If you are a health care provider prescribing PrEP:
Many laboratories have reduced hours and staffing and are not allowing more than one patient in the lab at a time. For patients who need testing and/or bloodwork, recommend they call the lab to make an appointment to reduce waiting and encourage physical distancing.
For patients who have been stable on PrEP and adherent to daily dosing, it may be reasonable to forgo bloodwork for three months while the COVID-19 pandemic peaks. Patients who have had at least two consecutive creatinine results within the normal range and have not had significant increases in creatinine from baseline could do testing in six months rather than three. STI testing can be done during this time based on symptoms. Once the COVID-19 restrictions have been eased, go back to routine testing every three months.

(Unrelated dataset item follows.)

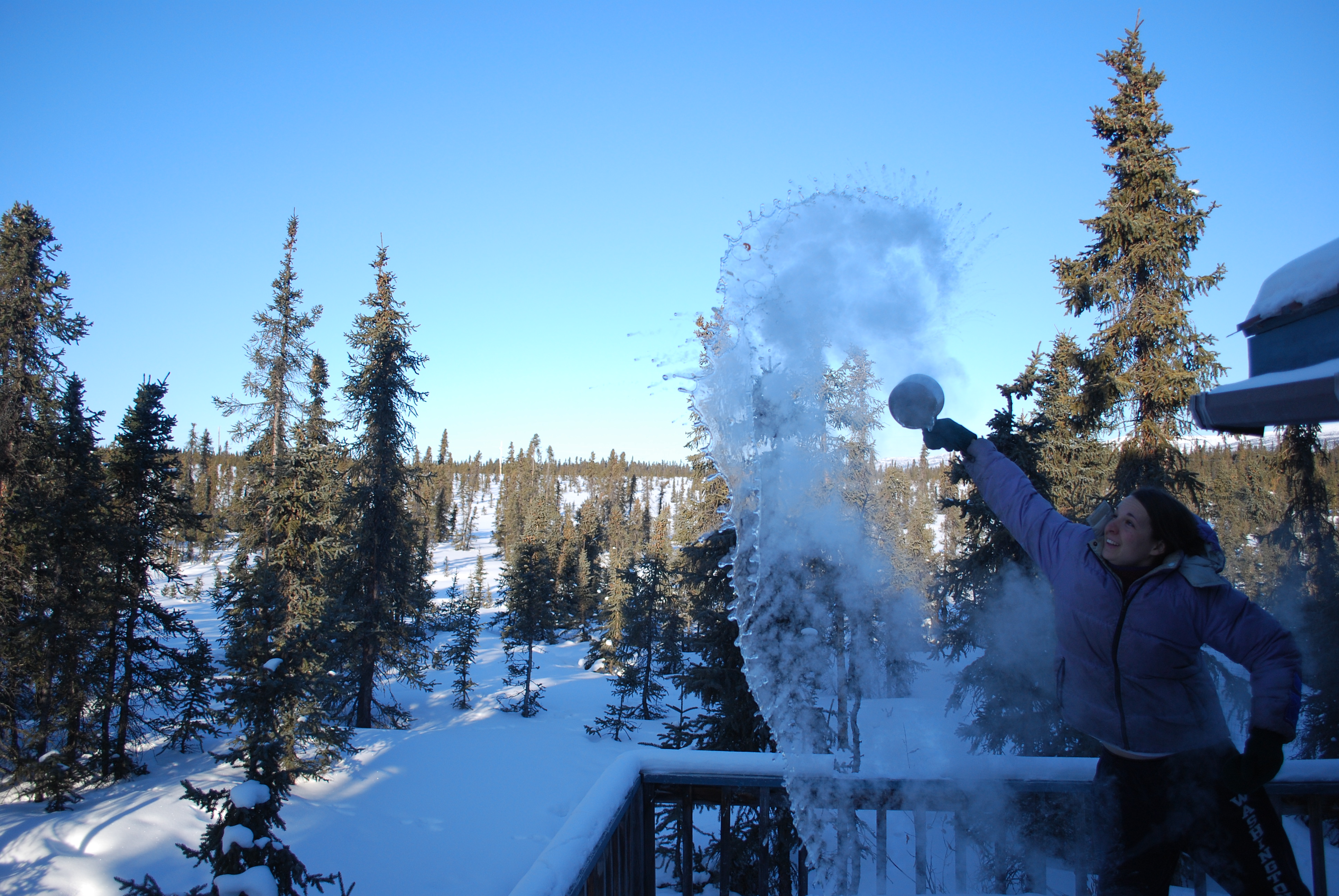 Elizabeth Webb throws boiling water into the air in -18 F temperature to see what happens. CiPEHR study site outside of Healy, Alaska.

For new patients who wish to start on PrEP, the guidelines suggest baseline bloodwork plus a repeat HIV test within one month to reduce the likelihood of missing an acute seroconversion. Assess the need for one-month repeat testing on a case-by-case basis: patients who have not had any unprotected sexual encounters in the four weeks before the screening bloodwork can have routine follow-up at three months and the one-month testing can be avoided.
Stopping PrEP during COVID-19 may be reasonable; only patients who have had no potential HIV exposures during this period should restart PrEP without repeating baseline screening
During this time of social distancing, many patients are reporting no sexual encounters and wish to stop PrEP. For patients with no HIV risk (i.e. no sexual encounters or needle sharing at all) stopping PrEP is reasonable at this time. Counsel patients to continue taking PrEP for at least 48 hours after their last sexual encounter.
Patients who stop PrEP and are abstinent during the time of the pandemic can restart PrEP without any additional testing and resume the regular HIV and creatinine screenings every three months.
Patients who have any episodes of condomless sex or needle sharing during the time they are off PrEP should be re-screened before restarting PrEP.
Studies have shown a significantly increased risk of HIV seroconversion in the six months after stopping PrEP, likely due to an increase in unprotected sex while patients were on PrEP; for many patients continuing PrEP may be the safest course given the current uncertainty about how long physical distancing restrictions will continue.